A correctly configured build should display something similar to the following in configure summary.

configure: =========================================================
configure: UCX build configuration:
configure:         Build prefix:   /ccs/home/yguo/summit-proj/install/ucx/1.11.0-cuda-dbg
configure:    Configuration dir:   ${prefix}/etc/ucx
configure:   Preprocessor flags:   -DCPU_FLAGS="" -I${abs_top_srcdir}/src -I${abs_top_builddir} -I${abs_top_builddir}/src
configure:           C compiler:   gcc -O3 -g -Wall -Werror -funwind-tables -Wno-missing-field-initializers -Wno-unused-parameter -Wno-unused-label -Wno-long-long -Wno-endif-labels -Wno-sign-compare -Wno-multichar -Wno-deprecated-declarations -Winvalid-pch -Wno-pointer-sign -Werror-implicit-function-declaration -Wno-format-zero-length -Wnested-externs -Wshadow -Werror=declaration-after-statement
configure:         C++ compiler:   g++ -O3 -g -Wall -Werror -funwind-tables -Wno-missing-field-initializers -Wno-unused-parameter -Wno-unused-label -Wno-long-long -Wno-endif-labels -Wno-sign-compare -Wno-multichar -Wno-deprecated-declarations -Winvalid-pch
configure:         Multi-thread:   disabled
configure:         NUMA support:   enabled
configure:            MPI tests:   disabled
configure:          VFS support:   no
configure:        Devel headers:   no
configure: io_demo CUDA support:   no
configure:             Bindings:   < >
configure:          UCS modules:   < >
configure:          UCT modules:   < cuda ib rdmacm cma knem >
configure:         CUDA modules:   < gdrcopy >
configure:         ROCM modules:   < >
configure:           IB modules:   < >
configure:          UCM modules:   < cuda >
configure:         Perf modules:   < cuda >
configure: =========================================================

The important details are cuda presents in UCT modules and UCM modules, gdrcopy presents in CUDA modules.

Build MPICH

Build CUDA-enabled MPICH with jsrun

module load gcc spectrum-mpi cuda
./configure --with-device=ch4:ucx --with-ucx=$ucxdir --with-pm=none --with-pmix=$MPI_ROOT \
  --with-cuda=$CUDA_DIR --with-hwloc=embedded CFLAGS=-std=gnu11
make -j 8
make install

# $CUDA_DIR is set by the cuda module. $MPI_ROOT is set by the spectrum-mpi module; Summit-customized pmix is available here.

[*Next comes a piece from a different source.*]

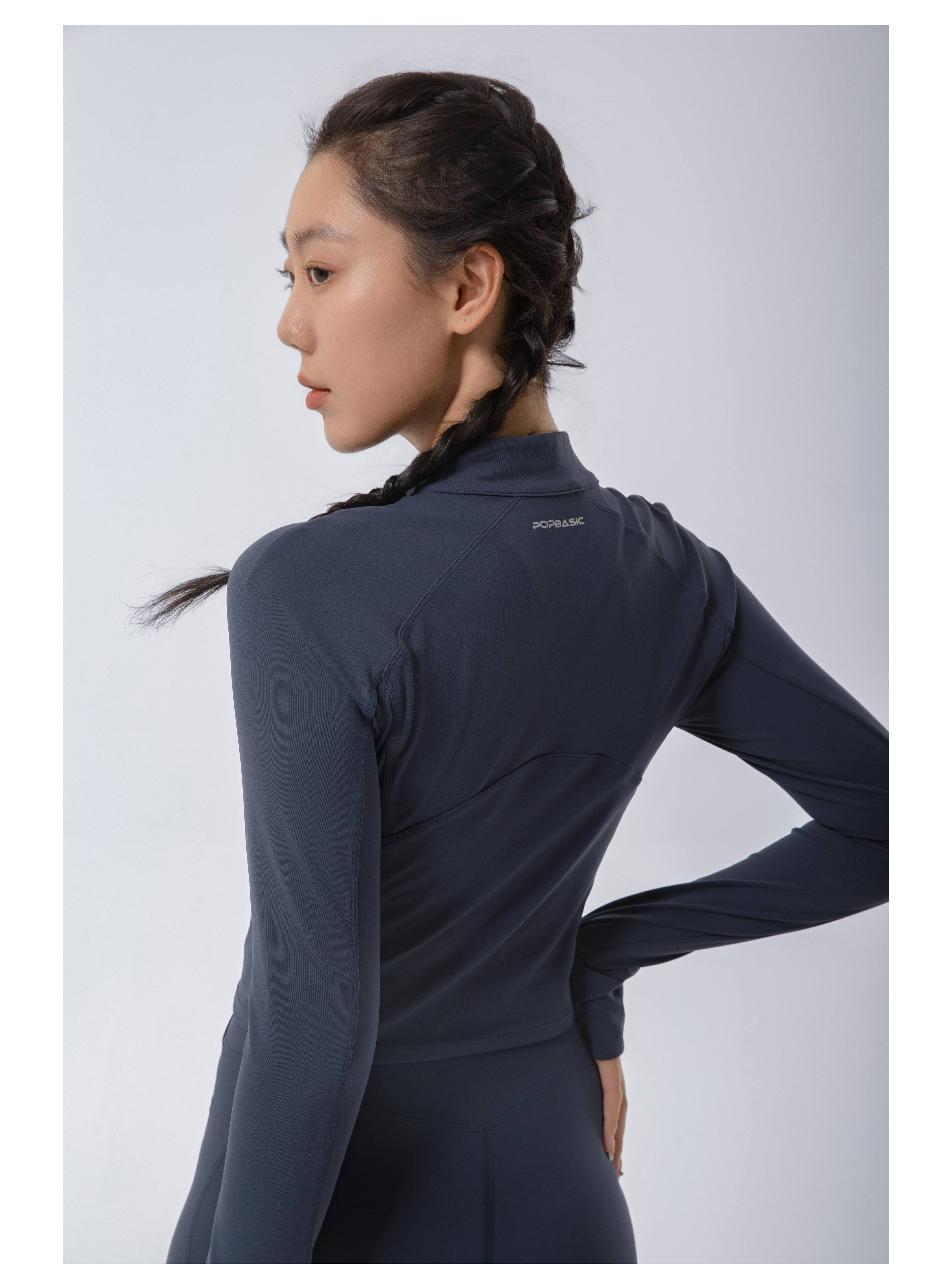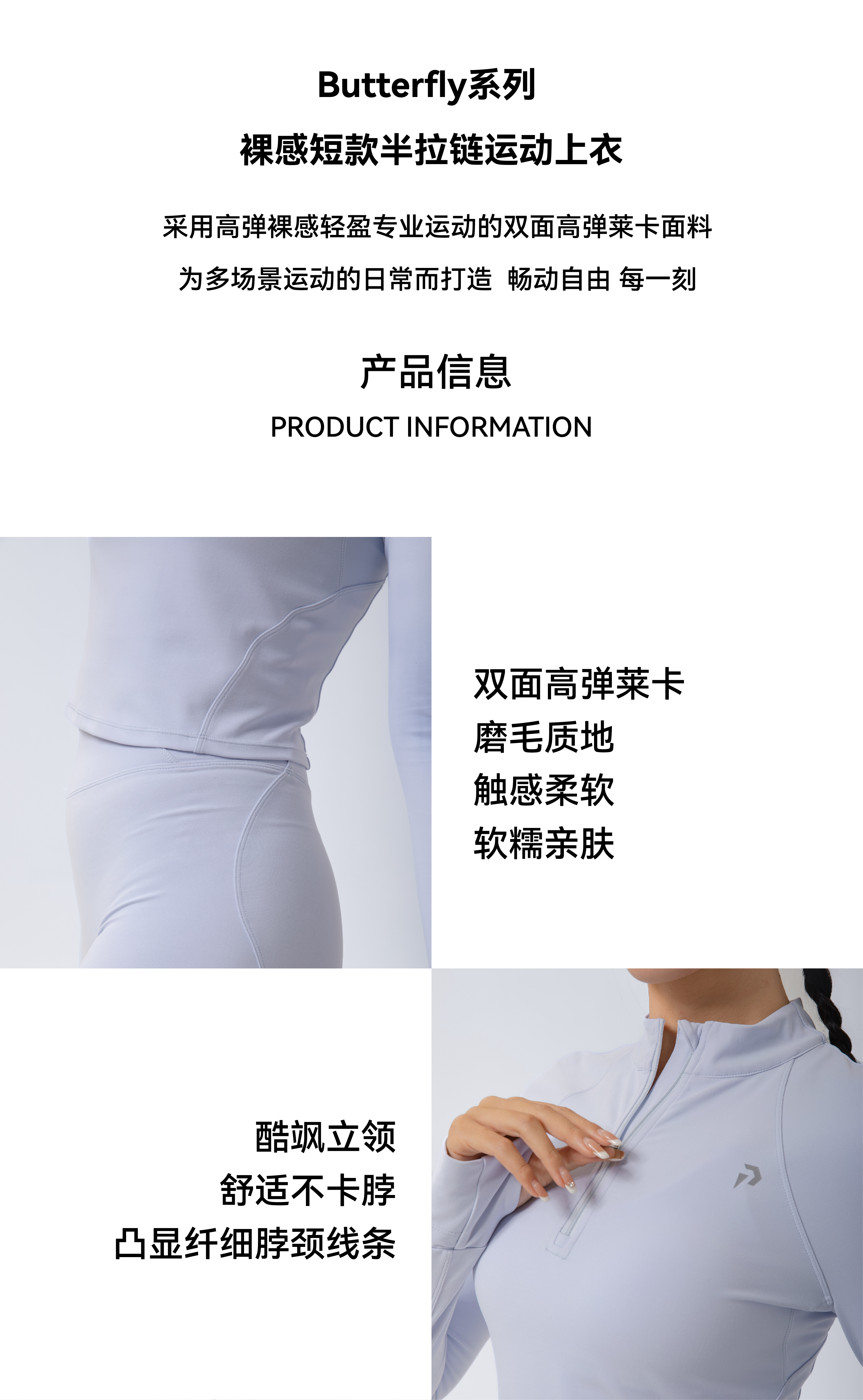 POPBASIC Butterfly系列裸感短款半拉链运动上衣

Build CUDA-enabled MPICH with hydra

module load gcc cuda
./configure --with-device=ch4:ucx --with-ucx=$ucxdir --with-cuda=$CUDA_DIR \
  --with-hwloc=embedded CFLAGS=-std=gnu11
make -j 8
make install

# $CUDA_DIR is set by the cuda module.

A correctly configured MPICH build should print the following message in confiugre output.

*****************************************************
***
*** device      : ch4:ucx
*** shm feature : auto
*** gpu support : CUDA
***
*****************************************************

Running MPI Application

A note about Darshan

The default darshan module loaded on Summit is compiled against OpenMPI-based spectrum-mpi. Unload the darshan-runtime module before running your own MPICH executables. If you are going to use Darshan to collect I/O statistics, building your own is straightforward once you have built MPICH. The following examples all disable darsham-runtime module.

Running MPI with jsrun

module load cuda gdrcopy spectrum-mpi
module unload darshan-runtime
# Launch two ranks each on a separate node and a separate GPU
jsrun -n 2 -r 1 -g 1 --smpiargs="-disable_gpu_hooks" \
    -E UCX_NET_DEVICES=mlx5_0:1 \
    ./test/mpi/pt2pt/pingping \
    -type=MPI_INT -sendcnt=512 -recvcnt=1024 -seed=78 -testsize=4  -sendmem=device -recvmem=device

For more jsrun options, please check Summit User Guide - Job Launcher

Running MPI with hydra

module load cuda gdrcopy spectrum-mpi
module unload darshan-runtime

# Adjust -n for different number of nodes. Example gets hostname of two nodes.
jsrun -n 2 -r 1 hostname > ~/hostfile

export LD_LIBRARY_PATH=$(jsrun -n 1 -r 1 echo $LD_LIBRARY_PATH)
mpiexec -np 2 -ppn 2 --launcher ssh -f <hostfile> -gpus-per-proc=1 \
    -genv UCX_NET_DEVICES=mlx5_0:1 \ ./test/mpi/pt2pt/pingping \
    -type=MPI_INT -sendcnt=512 -recvcnt=1024 -seed=78 -testsize=4  -sendmem=device -recvmem=device

Performance Tweaks

TODO: Add notes regarding UCX_RNDV_THRESH setting

Common Issues

  1. Watch out for system ucx vs mpich built-in ucx. I got some undefined symbols in ucx routines because MPICH was configured to use its own mpich but was picking up system UCX (thanks to spack setting LD_LIBRARY_PATH)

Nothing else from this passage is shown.